In its report on the Peress case, the McClellan Committee said that "some 48 errors of more than minor importance were committed by the Army in connection with the commissioning, transfer, promotion, and honorable discharge of Irving Peress." As a result, the Army made some sweeping changes in its security program, including a policy statement that said "the taking of the Fifth Amendment by an individual queried about his Communist affiliations is sufficient to warrant the issuance of a general discharge rather than an honorable discharge." That these reforms came about at all was due to the persistence of one Senator, Joe McCarthy, who displayed the courage to expose Peress against the wishes of the Army, the White House, and many of his fellow Republicans.
"No one will ever know," said Lionel Lokos, "what it cost Senator McCarthy to take the stand he did in the Peress case — what it cost him in terms of popularity and his political future. We only know that the price of asking 'Who Promoted Peress?' came high and that Senator McCarthy didn't hesitate to pay that price."
IV. Army-McCarthy Hearings
Q. What was the gist of the Army-McCarthy Hearings?
A. On March 11, 1954, the Army accused McCarthy and his staff of using improper means in seeking preferential treatment for G. David Schine, a consultant to McCarthy's committee, prior to and after Schine was drafted into the Army in November 1953. Senator McCarthy countercharged that these allegations were made in bad faith and were designed to prevent his committee from continuing its probe of communist subversion at Fort Monmouth and from issuing subpoenas for members of the Army Loyalty and Screening Board. A special committee, under the chairmanship of Senator Karl Mundt, was appointed to adjudicate these conflicting charges, and the hearings opened on April 22, 1954.
The televised hearings lasted for 36 days and were viewed by an estimated 20 million people. After hearing 32 witnesses and two million words of testimony, the committee concluded that McCarthy himself had not exercised any improper influence in behalf of David Schine, but that Roy Cohn, McCarthy's chief counsel, had engaged in some "unduly persistent or aggressive efforts" in behalf of Schine. The committee also concluded that Army Secretary Robert Stevens and Army Counsel John Adams "made efforts to terminate or influence the investigation and hearings at Fort Monmouth," and that Adams "made vigorous and diligent efforts" to block subpoenas for members of the Army Loyalty and Screening Board "by means of personal appeal to certain members of the [McCarthy] committee."
In a separate statement that concurred with the special committee report, Senator Everett Dirksen demonstrated the weakness of the Army case by noting that the Army did not make its charges public until eight months after the first allegedly improper effort was made in behalf of Schine (July 1953), and then not until after Senator McCarthy had made it known (January 1954) that he would subpoena members of the Army Loyalty and Screening Board. Dirksen also called attention to a telephone conversation between Secretary Stevens and Senator Stuart Symington on March 8, 1954, three days before the Army allegations were made public. In that conversation, Stevens said that any charges of improper influence by McCarthy's staff "would prove to be very much exaggerated.... I am the Secretary and I have had some talks with the [McCarthy] committee and the chairman, and so on, and by and large as far as the treatment of me is concerned, I have no personal complaint."

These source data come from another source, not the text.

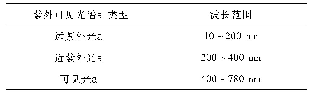 关于紫外光谱法在水质化学需氧量检测中应用经历了漫长的发展阶段,从早期的单波纹分析研究到目前的多波长分析研究。它的产生主要是由于分析运动时产生的能级跃迁[2]。在整个紫外可见光谱区域内,波长的范围为10~780nm,具体类别划分如表1所示。其中,水质检测的紫外可见光区波长范围为200~780 nm之间,主要是指近紫外光区与可见光谱区。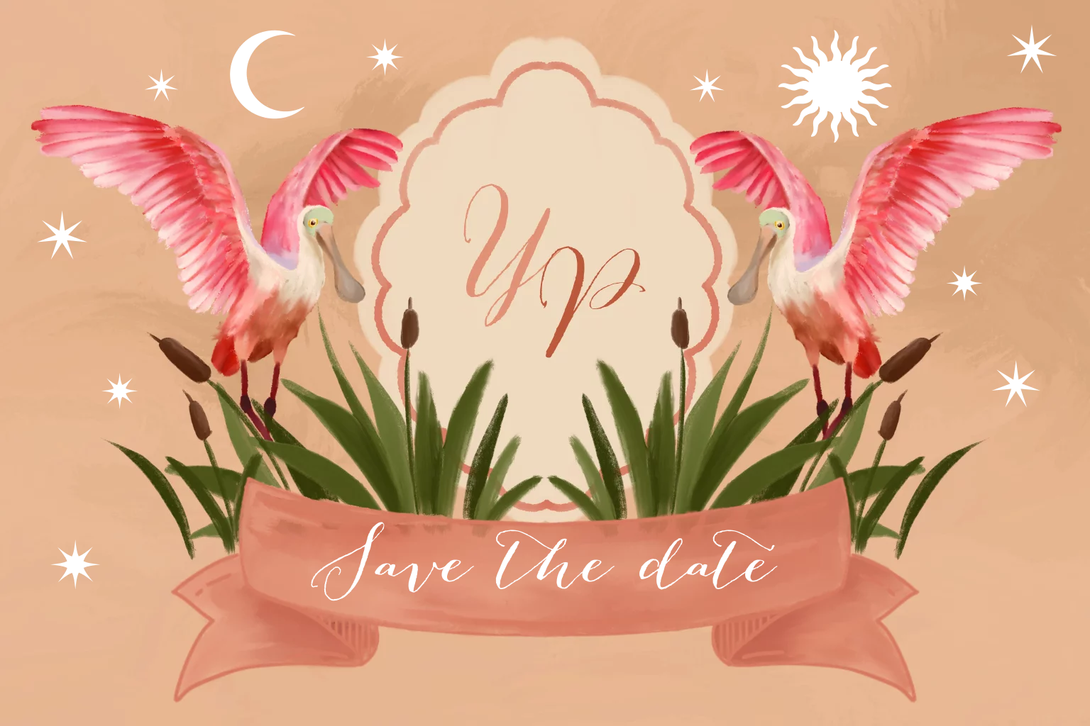 Breng jouw genodigden alvast op de hoogte van jullie aanstaande trouwerij. Deze sierlieke roze vogels zijn toch een feestje om te zien?!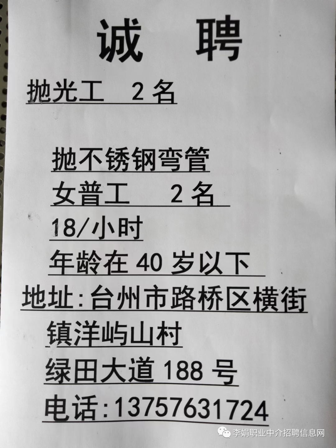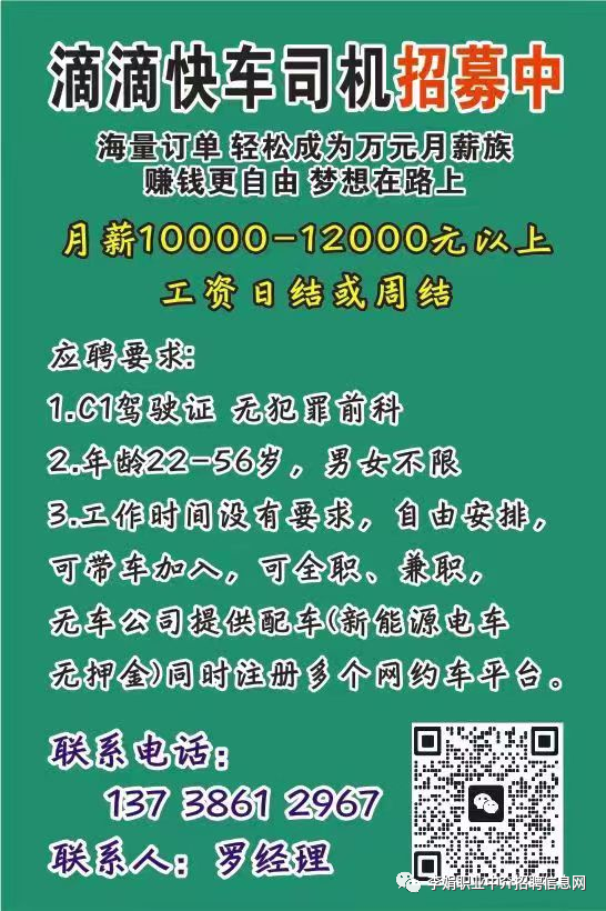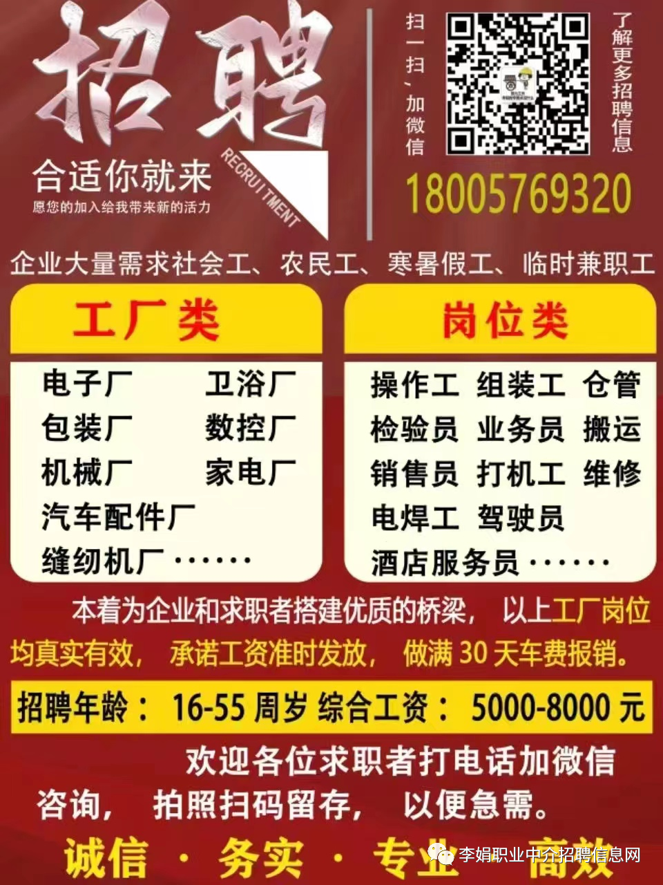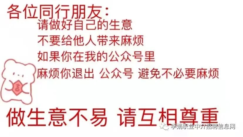求职时请说是在李娟人力资源网看到的, 谢谢! 每天5:30前准时发布招聘信息~ 李娟人力资源网 联系电话:13185765318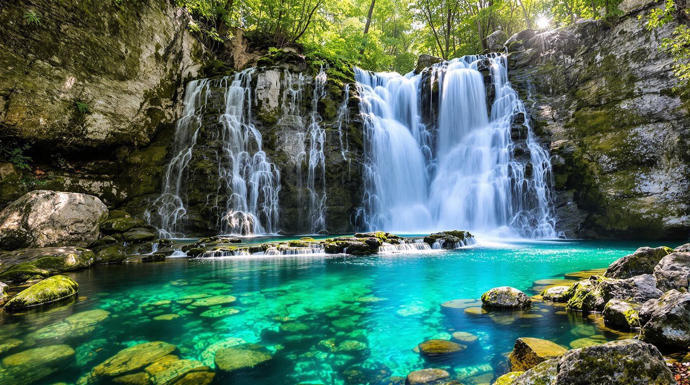 Alimentée par le Gardon de Sainte-Croix, la Cascade du Martinet doit sa renommée à la pureté exceptionnelle de son eau. D’une clarté saisissante, elle présente cette teinte turquoise caractéristique qui contraste magnifiquement avec les roches calcaires environnantes, oscillant entre blanc lumineux et gris anthracite.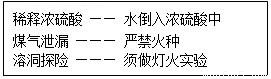 B、根据稀释浓硫酸、煤气泄漏、溶洞探险的注意事项判断;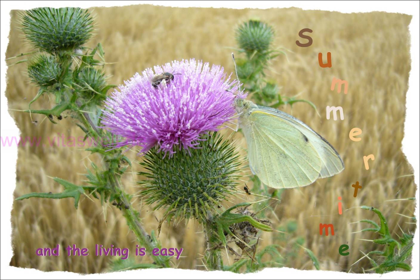 | B25 "Summertime and the living is easy." Summertime purzelt in erdig -naturnahen Buchstaben am rechten Rand der Karte, wie ein flatternder Schmetterling, herunter. Der Rest des Spruches steht etwas kleiner in zartlila am unteren, linken Kartenrand. Die Farbe findet sich auch in der aufgehenden Blüte der abgebildeten Distel wieder. Dort sitzt ein weißlicher Schmetterling (Kohlweißling) und labt sich am Nektar. Mitten auf der Blüte sitzt auch noch eine Biene. Die Blüte sitzt wie ein Hut auf der kreisrunden, stachelig-grünen Frucht der Distel. Im Hintergrund sind weitere Stachelige Kugeln unscharf zu erkennen. Der Hintergrund ist ein goldgelbes Kornfeld. Kartenrand uneben Mail mit der Karte B25 versenden Karte B25 bestellenKarte B25 vergrößern | |

In his 1984 book Who Killed Joe McCarthy?, former Eisenhower White House aide William Bragg Ewald Jr., who had access to many unpublished papers and memos from persons involved in the Army-McCarthy clash, confirms the good relations that existed between McCarthy and Stevens and the lack of pressure from McCarthy in behalf of Schine. In a phone conversation November 7, 1953, the Senator told the Secretary not to give Schine any special treatment, such as putting him in the service and assigning him back to the committee. McCarthy even said that Roy Cohn had been "completely unreasonable" about Schine, that "he thinks Dave should be a general and work from the penthouse of the Waldorf."
Ewald also reported a phone conversation between Stevens and Assistant Secretary of Defense Fred Seaton on January 8, 1954, in which Stevens admitted that Schine might not have been drafted if he hadn't worked for the McCarthy Committee. "Of course, the kid was taken at the very last minute before he would have been ineligible for age," said Stevens. "He is 26, you know. My guess would be that if he hadn't been working for McCarthy, he probably never would have been drafted."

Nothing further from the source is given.